Adversarial Identity Injection for Semantic Face Image Synthesis
Giuseppe Tarollo, Tomaso Fontanini, Claudio Ferrari, Guido Borghi, Andrea Prati
TL;DR
This work tackles identity preservation in semantic face image synthesis by introducing a cross-attention-based CA^2SIS-inspired architecture that jointly leverages identity, style, and semantic cues. A pre-trained identity encoder supplies an identity embedding as an additional style input, coupled with an identity preservation loss, to strengthen identity fidelity in generated faces and enable identity swapping at inference. The approach is evaluated on CelebMask-HQ, showing improved identity preservation across multiple face-recognition models and enabling adversarial attacks that steer recognition toward a target identity, with attention maps revealing identity-influencing regions.
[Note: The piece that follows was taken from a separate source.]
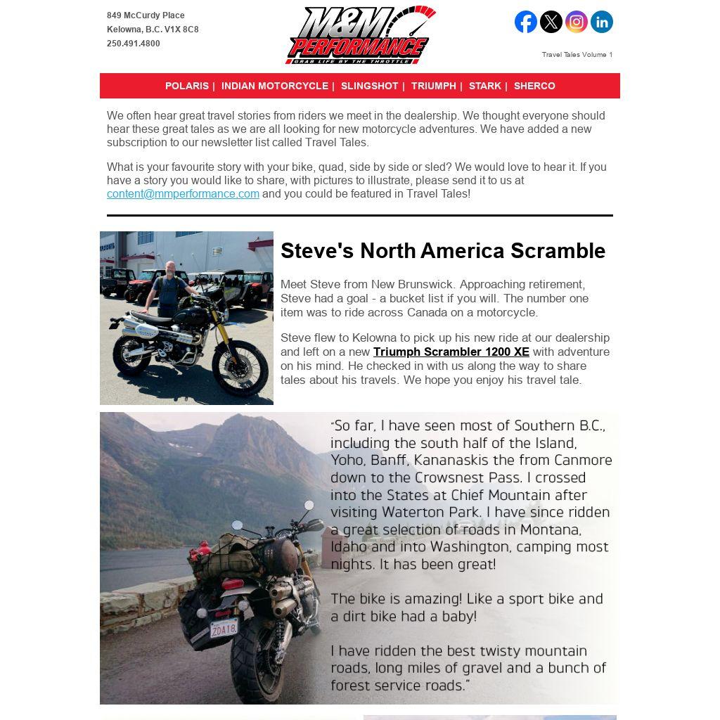 We often hear great travel stories from riders we meet in the dealership. We thought everyone should hear these great tales as we are all looking for new motorcycle adventures. We have added a new subscription to our newsletter list called Travel Tales.

Additionally, style-transfer experiments demonstrate that selective region swaps can enhance attack effectiveness while preserving human indistinguishability, highlighting important ethical considerations and the need for safeguards in biometric systems.
Abstract
Nowadays, deep learning models have reached incredible performance in the task of image generation. Plenty of literature works address the task of face generation and editing, with human and automatic systems that struggle to distinguish what's real from generated. Whereas most systems reached excellent visual generation quality, they still face difficulties in preserving the identity of the starting input subject. Among all the explored techniques, Semantic Image Synthesis (SIS) methods, whose goal is to generate an image conditioned on a semantic segmentation mask, are the most promising, even though preserving the perceived identity of the input subject is not their main concern. Therefore, in this paper, we investigate the problem of identity preservation in face image generation and present an SIS architecture that exploits a cross-attention mechanism to merge identity, style, and semantic features to generate faces whose identities are as similar as possible to the input ones. Experimental results reveal that the proposed method is not only suitable for preserving the identity but is also effective in the face recognition adversarial attack, i.e. hiding a second identity in the generated faces.